WORK TO COMPLETE: Leaving out pictures, output exactly the lines below from the one that has "Идеальный стол для" through the one that has "Quando informar um", and nothing else.

MATERIAL PROVIDED:
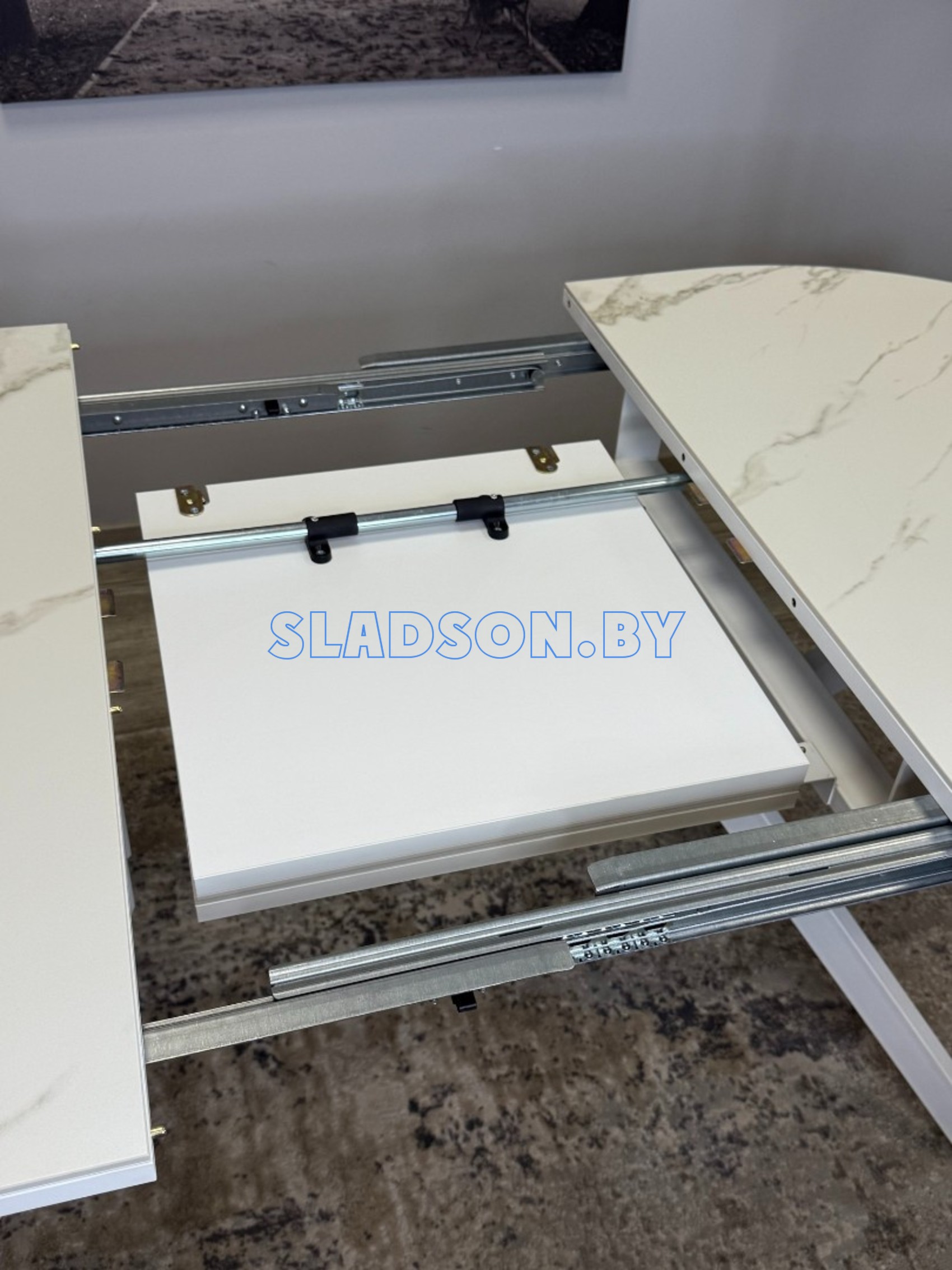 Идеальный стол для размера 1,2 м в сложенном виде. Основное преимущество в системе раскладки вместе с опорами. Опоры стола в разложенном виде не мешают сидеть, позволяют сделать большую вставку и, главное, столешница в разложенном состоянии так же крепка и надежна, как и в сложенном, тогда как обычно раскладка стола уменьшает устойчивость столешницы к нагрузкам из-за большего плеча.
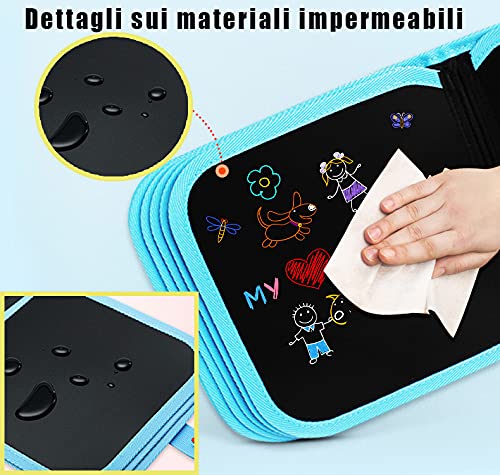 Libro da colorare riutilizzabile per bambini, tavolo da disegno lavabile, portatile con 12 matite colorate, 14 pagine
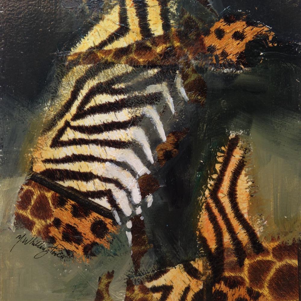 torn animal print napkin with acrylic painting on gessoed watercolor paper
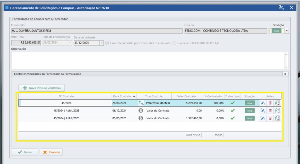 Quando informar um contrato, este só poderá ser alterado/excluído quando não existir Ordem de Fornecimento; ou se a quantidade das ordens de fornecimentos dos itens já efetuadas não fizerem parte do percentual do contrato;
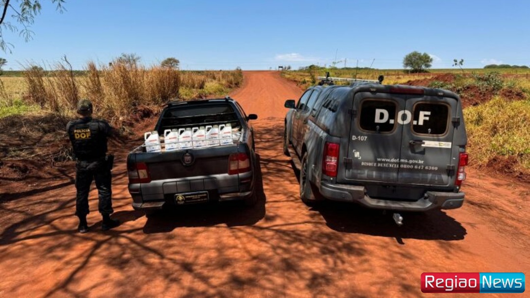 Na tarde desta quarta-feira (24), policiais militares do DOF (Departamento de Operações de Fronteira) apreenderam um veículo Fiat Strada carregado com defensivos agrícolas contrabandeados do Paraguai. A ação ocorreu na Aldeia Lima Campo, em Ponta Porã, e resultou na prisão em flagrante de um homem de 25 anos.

...

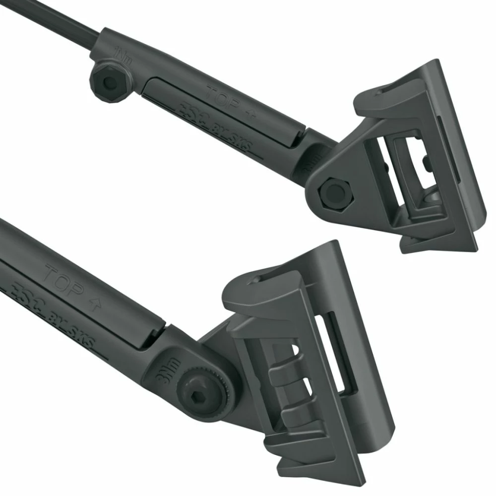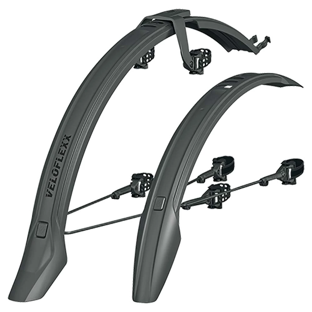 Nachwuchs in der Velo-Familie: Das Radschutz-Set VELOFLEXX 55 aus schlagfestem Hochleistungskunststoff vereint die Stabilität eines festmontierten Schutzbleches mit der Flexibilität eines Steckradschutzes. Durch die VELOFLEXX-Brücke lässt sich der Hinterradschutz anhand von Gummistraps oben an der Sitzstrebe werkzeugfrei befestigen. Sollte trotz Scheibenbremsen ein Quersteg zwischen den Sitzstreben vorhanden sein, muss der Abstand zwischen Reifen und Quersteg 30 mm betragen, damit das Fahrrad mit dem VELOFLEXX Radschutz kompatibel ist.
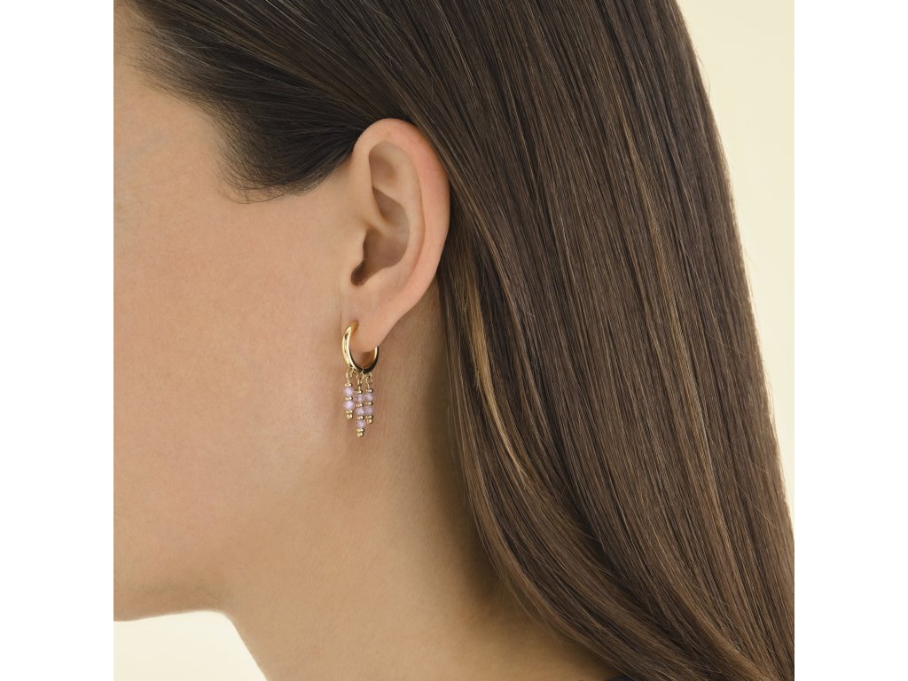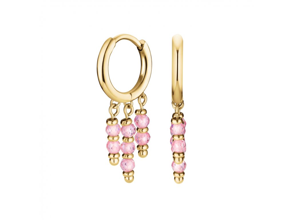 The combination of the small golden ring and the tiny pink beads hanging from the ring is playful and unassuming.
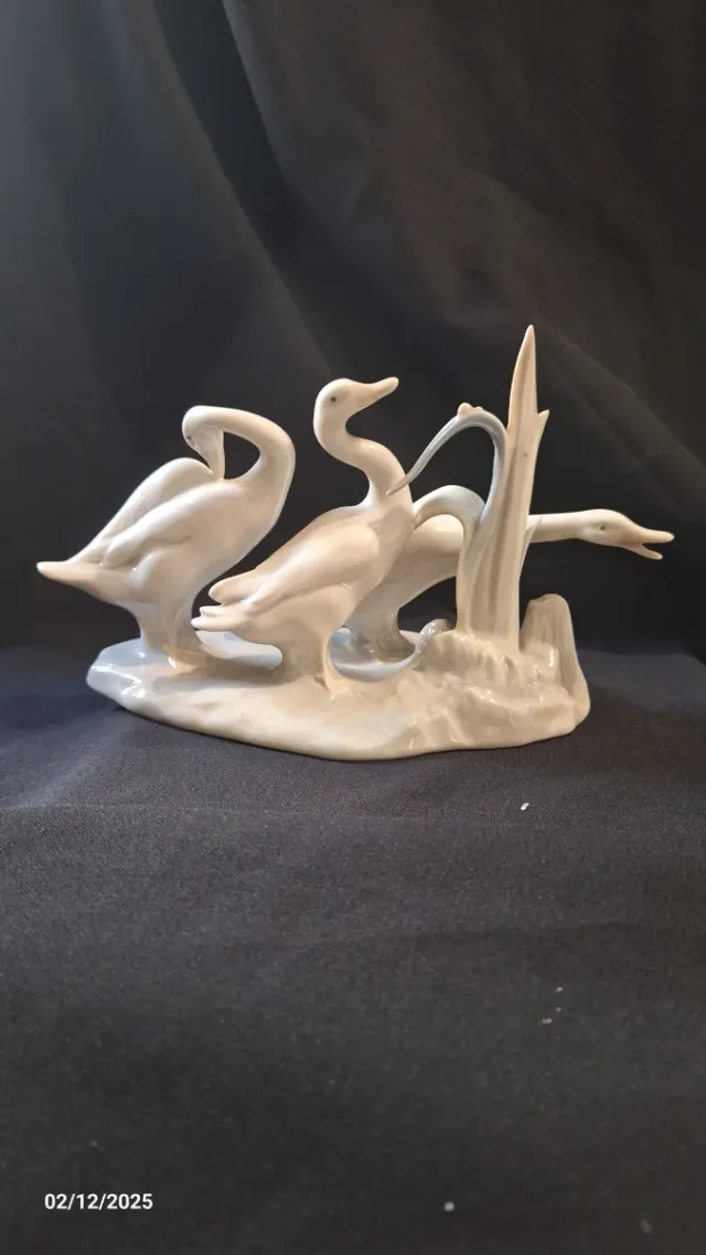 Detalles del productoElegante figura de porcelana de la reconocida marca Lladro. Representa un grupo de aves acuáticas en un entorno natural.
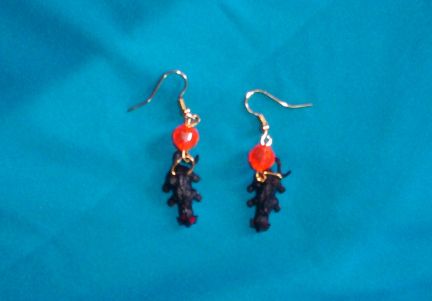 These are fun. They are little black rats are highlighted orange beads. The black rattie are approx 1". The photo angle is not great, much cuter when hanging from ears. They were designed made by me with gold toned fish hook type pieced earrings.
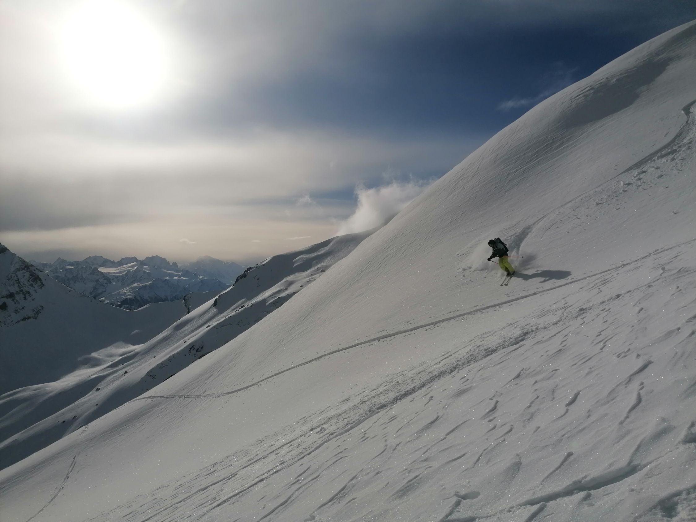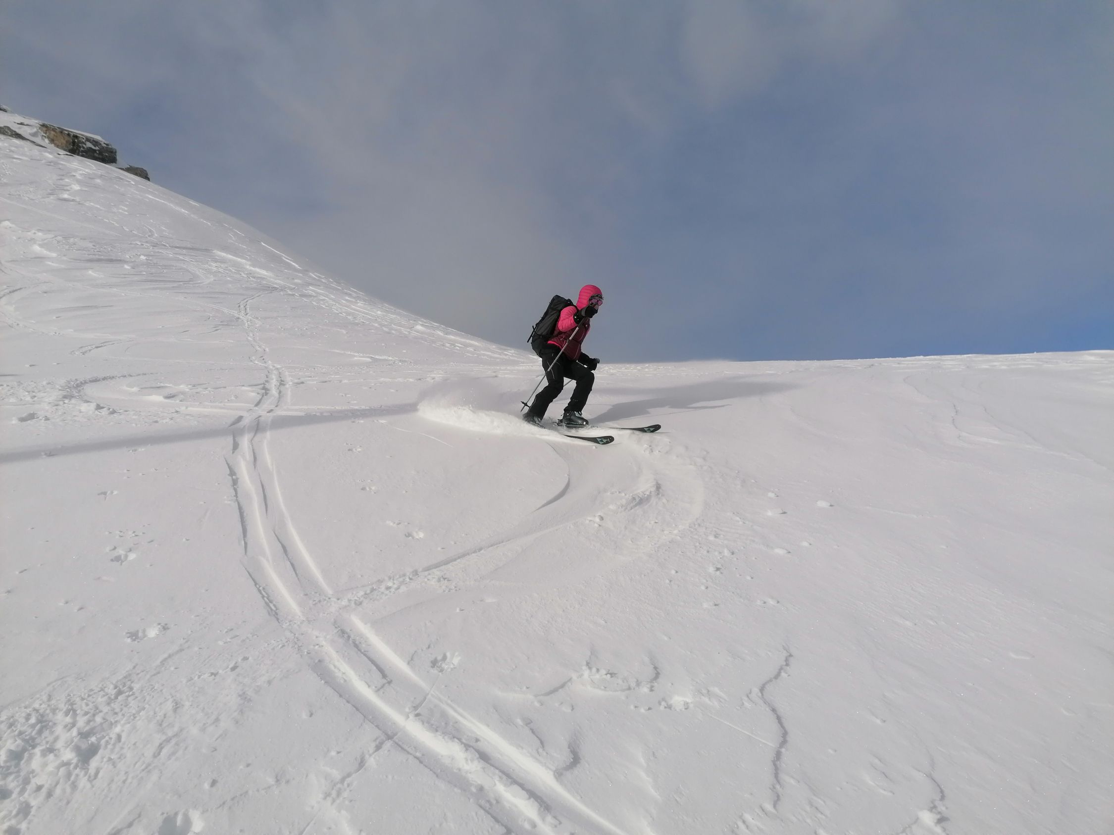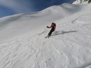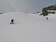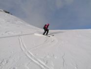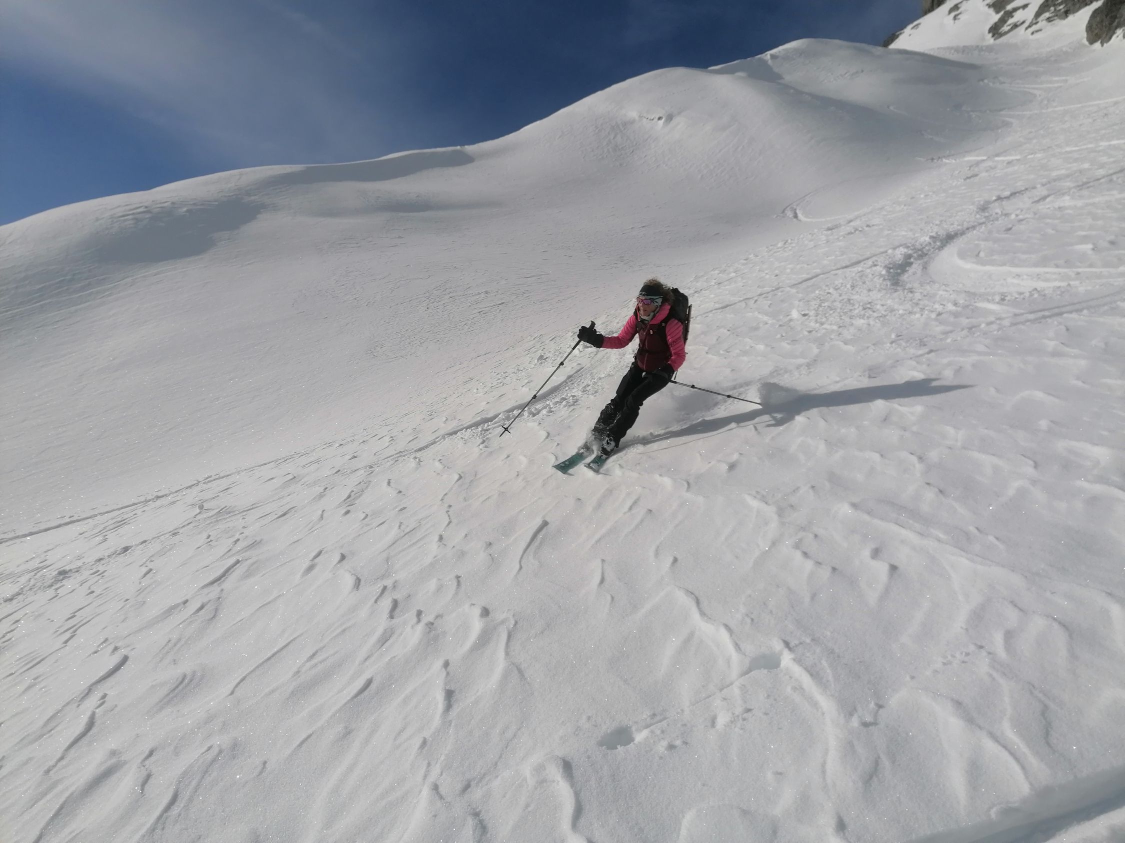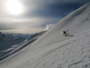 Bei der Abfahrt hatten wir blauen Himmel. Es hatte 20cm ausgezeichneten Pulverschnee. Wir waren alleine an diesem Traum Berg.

TASK OUTPUT:
 Идеальный стол для размера 1,2 м в сложенном виде. Основное преимущество в системе раскладки вместе с опорами. Опоры стола в разложенном виде не мешают сидеть, позволяют сделать большую вставку и, главное, столешница в разложенном состоянии так же крепка и надежна, как и в сложенном, тогда как обычно раскладка стола уменьшает устойчивость столешницы к нагрузкам из-за большего плеча.
 Libro da colorare riutilizzabile per bambini, tavolo da disegno lavabile, portatile con 12 matite colorate, 14 pagine
 torn animal print napkin with acrylic painting on gessoed watercolor paper
 Quando informar um contrato, este só poderá ser alterado/excluído quando não existir Ordem de Fornecimento; ou se a quantidade das ordens de fornecimentos dos itens já efetuadas não fizerem parte do percentual do contrato;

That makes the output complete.